Весь вечер, без просьб и подсказов, Кузьма носил воду, рубил дрова, убирал во дворе. Закрепил калитку и забор. Навесил замок. И закрыл вход во двор от любопытных и случайных глаз. Он подмел на крыльце. И даже успел обить наружнюю дверь досками, изнутри утеплил одеялом. До глубокой ночи, пока Катерина стирала его белье, Кузьма замазывал и заклеивал окна. Он старался так, будто решил остаться в этой избе до конца жизни.
— Сверчок ты мой заугольный, все копаешься, работаешь, сядь, отдохни. Приди в себя, — предлагала Катерина. Но Кузьма не соглашался. Слишком осиротело жилье без мужичьих рук, слишком одряхлело. — Пенек ты мой болотный, или не о чем нам поговорить, что и не присядешь?
— Ну чего завелась, тесто перекисшее? Радоваться должна, даром хлеб не извожу. Потрехать мы с тобой всегда успеем, — он шпаклевал щель в стене.

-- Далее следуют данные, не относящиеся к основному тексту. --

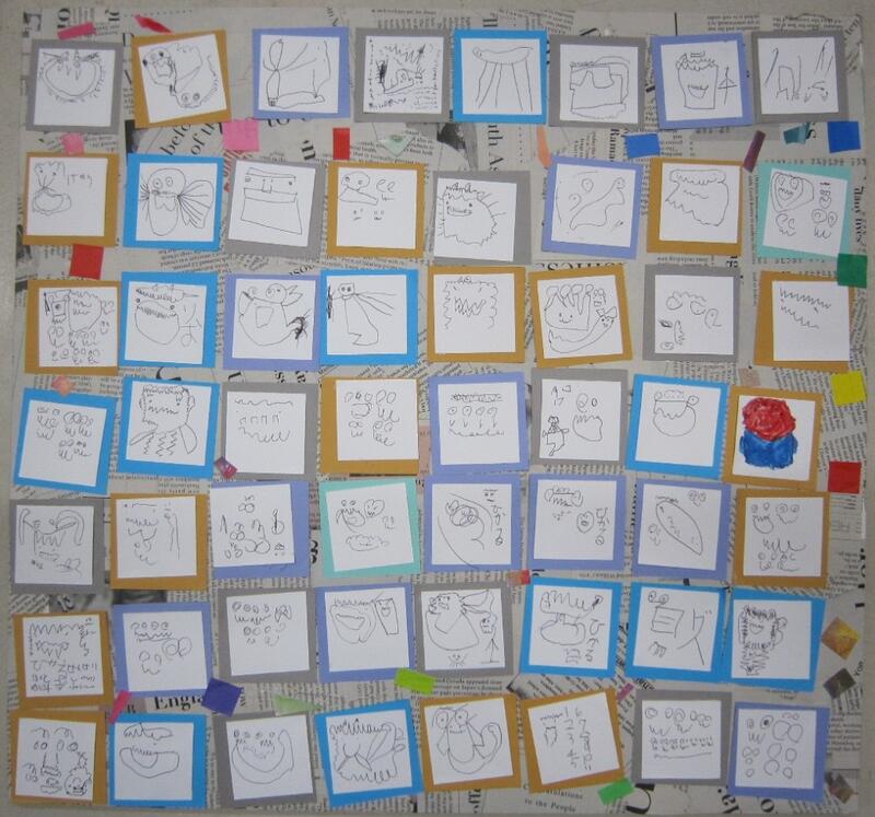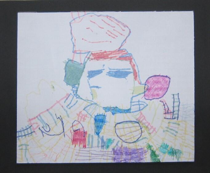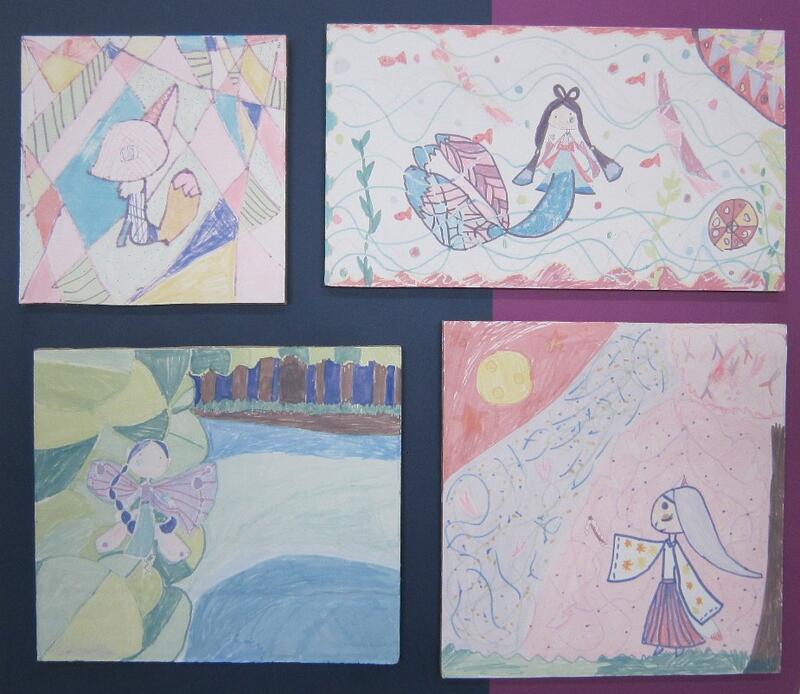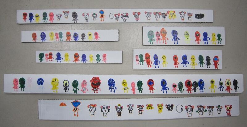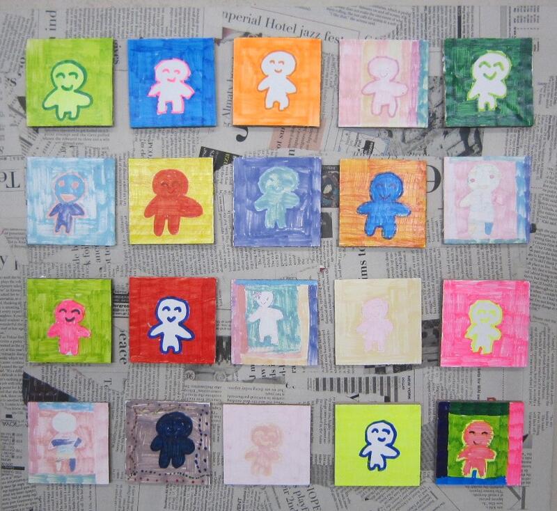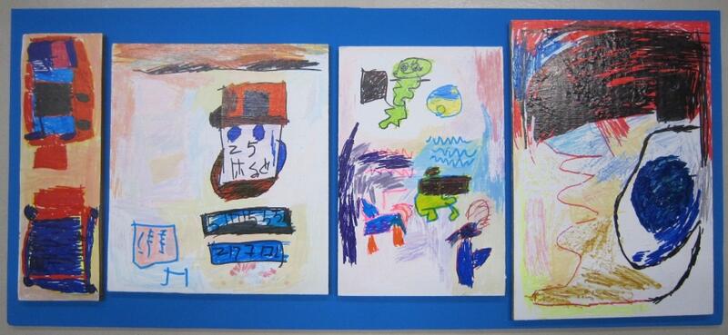 「カラフルにんげん」2年 渡辺雄昴 「はこにぺたぺた」2年 筒井天花
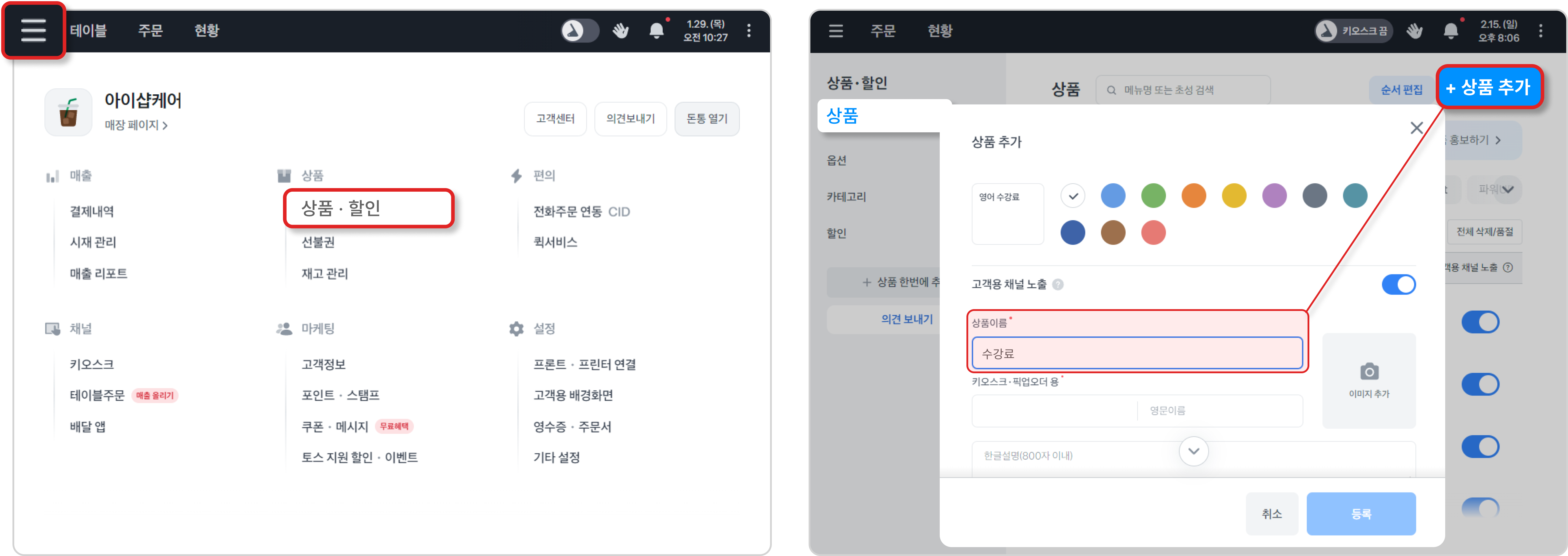 왼쪽 상단 ≡ → [상품·할인] → [+ 상품추가] → 상품 이름 을 기재해 주세요.
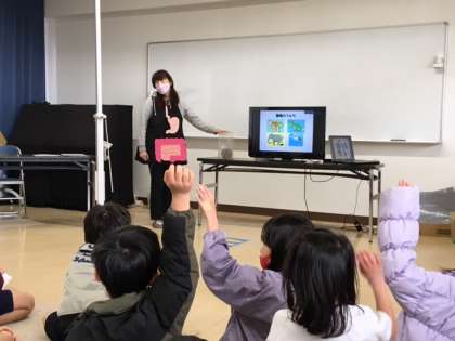 発育測定前に保健室の森本先生から保健指導がありました。早寝早起き、朝ごはん、毎朝の排便の大切さについての話の後、排便と食べたものや体調との関係をエプロンシアター形式の楽しいお話と映像でしっかり学びました。

— Вот уж не думала, что найдется хозяин и на мою избу. Возьмется за нее, не погребовав ни мною, ни ею, — улыбалась баба, подходя к Кузьме, изредка гладя спину, плечи Огрызка.
Кузьма от такого отношения таял. И только теперь начал понимать Чубчика. «Слабые бабы. Это верно! Вот и у этой вся изба раскорячилась. Потому что одна жила. Немощная в мужицком деле. Но как сильна! И все они, видать, такие, заразы», — улыбался сам себе Кузьма, забив последнюю щель в стене.
— Ну, вот теперь мы будем греть избу, а не улицу! — улыбнулся Катерине. Та, вспотевшая над корытом, еле разогнулась.
Огрызок помог ей управиться на кухне, отговорил готовить ужин. И заставил бабу отдохнуть от всего.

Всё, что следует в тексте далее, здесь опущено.